Theories and techniques for effective services marketing differ from product marketing (e.g. Vargo and Lusch, 2004 and Booms and Bitner, 1981). Product marketing emphasizes the importance of the Production and Marketing departments (Kotler and Keller, 2006). The Marketing department is important for both services and product brands; however, due to the importance of staff, the HR and Customer Service departments may be more critical for services (Zeithaml and Bitner, 2003).
For a service, staff embody the brand to consumers, and appropriate employee behavior is vital in service interactions (e.g. McDonald et al., 2001, Gabbott and Hogg, 1994 and Zeithaml and Bitner, 2003). O'Cass and Grace (2004) find that consumers perceive employees as one of the most important attributes when choosing between services brands. Similarly, Berry (2000, 135) writes “Service performers are a powerful medium for building brand meaning and equity. Their actions with customers transform brand vision to brand reality”. The HR department therefore shapes service brands as activities such as recruitment, training and reward management influence service interactions (e.g. Schneider and Bowen, 1993, Zerbe et al., 1998 and Free, 1999). Thus for services brands, Customer Services, HR and Marketing are likely to impact brand success, representing the “service management trinity” of Lovelock, Vandermerwe and Lewis (1999).

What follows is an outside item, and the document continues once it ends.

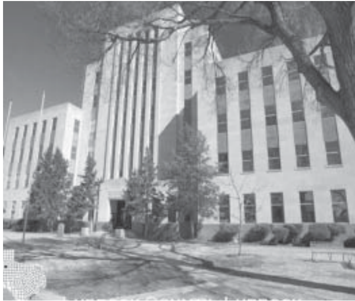
Lubbock County Courthouse - built in 1950 of limestone and granite at a cost of $1,250,000

This paper explores the roles of marketing, customer services and HR in the success of UK financial services brands and the efforts organizations make to ensure the departments work together. Firstly, the methodology section clarifies the research perspective behind the work, that of grounded theory. Inherent in this methodology is a commitment to discovery through direct contact with a phenomenon, rather than a priori theorization. Findings highlight the importance of all departments working together behind the brand. Issues which facilitate and impede departmental cooperations emerge from the findings. In common with much qualitative research, a holistic perspective emerges after the complete data analysis. Finally, this paper details the conclusions and implications of the findings. In the conclusions, a model expresses the relationship between the emergent themes.